*EXERCISE INSTRUCTIONS*
Only the lines from the one with "Tailored Stripes Premium" through the last line of the data below are to be duplicated, exactly and without pictures.
------------------------------------------------
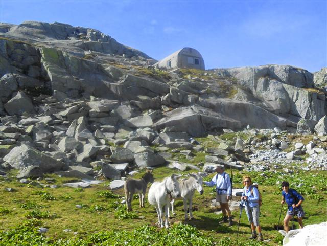 Arrivés au replat des 7 Laux, nous abandonnons le GR de Pays pour découvrir de petits lacs bordés de linaigrettes, 3 ânes paisibles broutant près d'un chalet d'alpage, et le lac de la Motte vert émeraude ; un chalet le borde, propriété des pêcheurs du coin, avec une sympathique "annexe" pour les randonneurs itinérants.
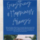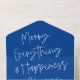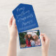Ce design carte photo de vacances amusant dispose d'un arrière - plan bleu vif avec un script de calligraphie moderne blanc et une photo horizontale. Le message d'accueil dit "Joyeux Tout & Bonheur Toujours". À l'extérieur de la carte se trouve votre adresse de retour et un autre message d'accueil personnalisé. Lorsque la photo est déchirée comme souvenir, le destinataire aura également votre salutation au dos de la partie photo. Comme vous pouvez le voir il ya besoin de commander des enveloppes! !
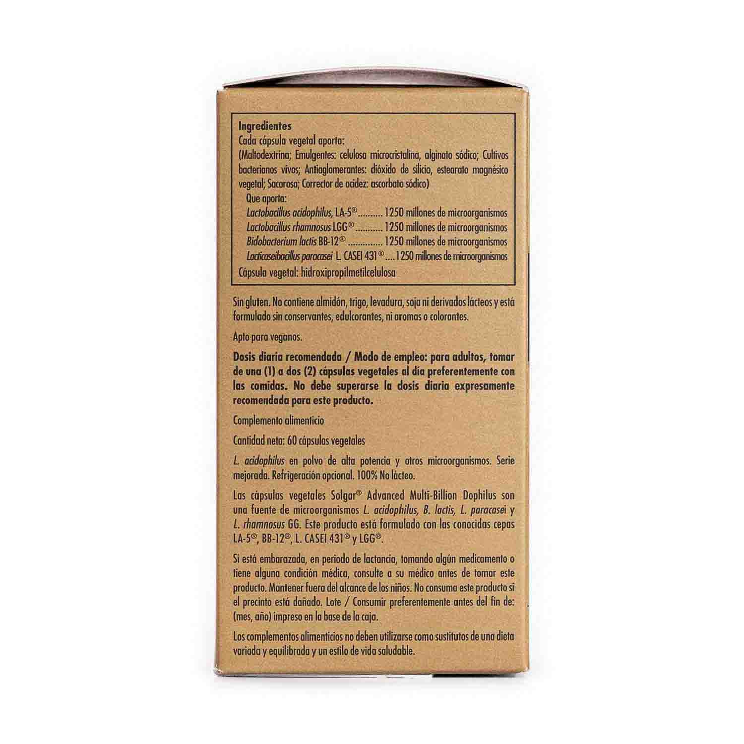 Multi-Billion Dophilus Avanzado de Solgar es una formulación no láctea con 4 cepas especialmente cultivadas aportando 5.000 millones de microorganismos, 1.250 millones de cada cepa.
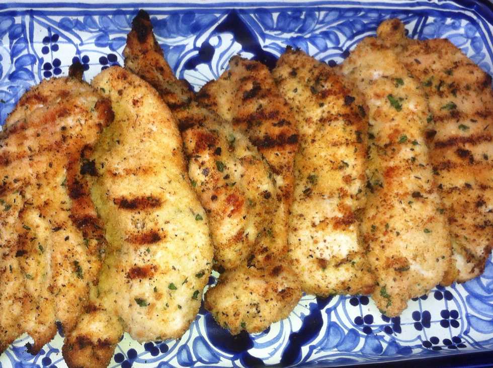 Place oiled up chicken in bread crumb mixture. Coat evenly.
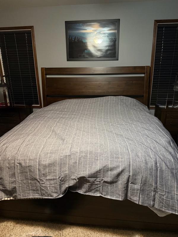 Tailored Stripes Premium Breathable Washed Linen Cotton Reversible Duvet Cover - Wide Stripe Deep Navy, Twin/Twin XL
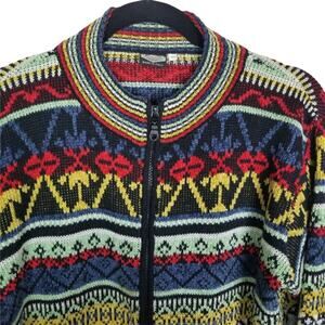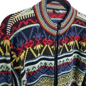 Vintage Emmegi Womens Fair Isle Wool Sweater Jacket Full Zip Nordic Indie US 6
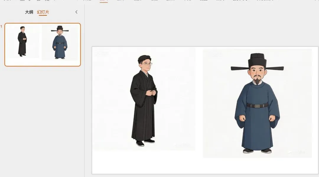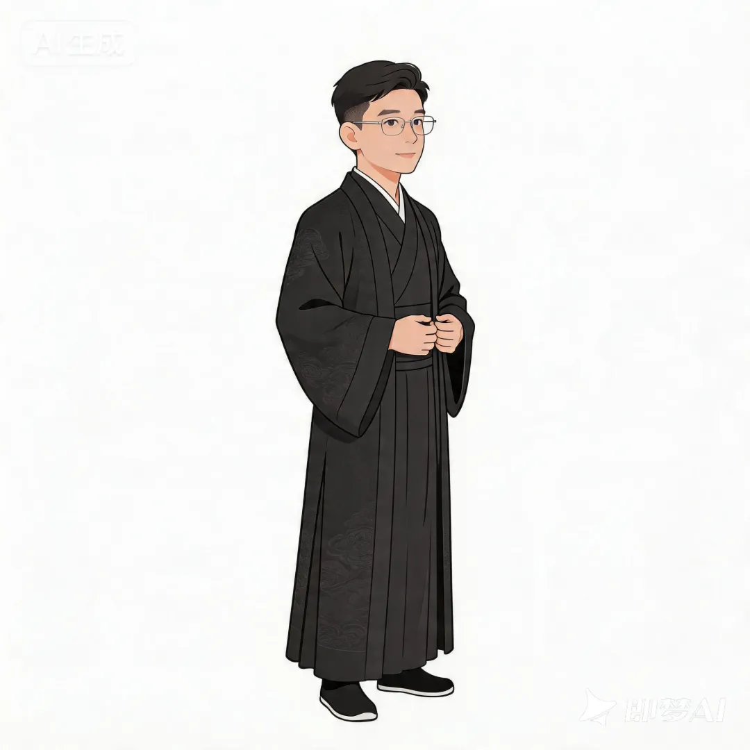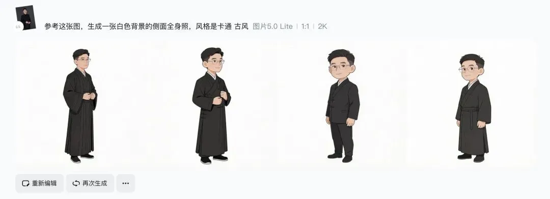 第二步:上传一张自己的照片作为参考图,提示词:参考这张图,生成一张白色背景的侧面全身照,风格是卡通 古风
------------------------------------------------
*RESPONSE*
 Tailored Stripes Premium Breathable Washed Linen Cotton Reversible Duvet Cover - Wide Stripe Deep Navy, Twin/Twin XL
 Vintage Emmegi Womens Fair Isle Wool Sweater Jacket Full Zip Nordic Indie US 6
 第二步:上传一张自己的照片作为参考图,提示词:参考这张图,生成一张白色背景的侧面全身照,风格是卡通 古风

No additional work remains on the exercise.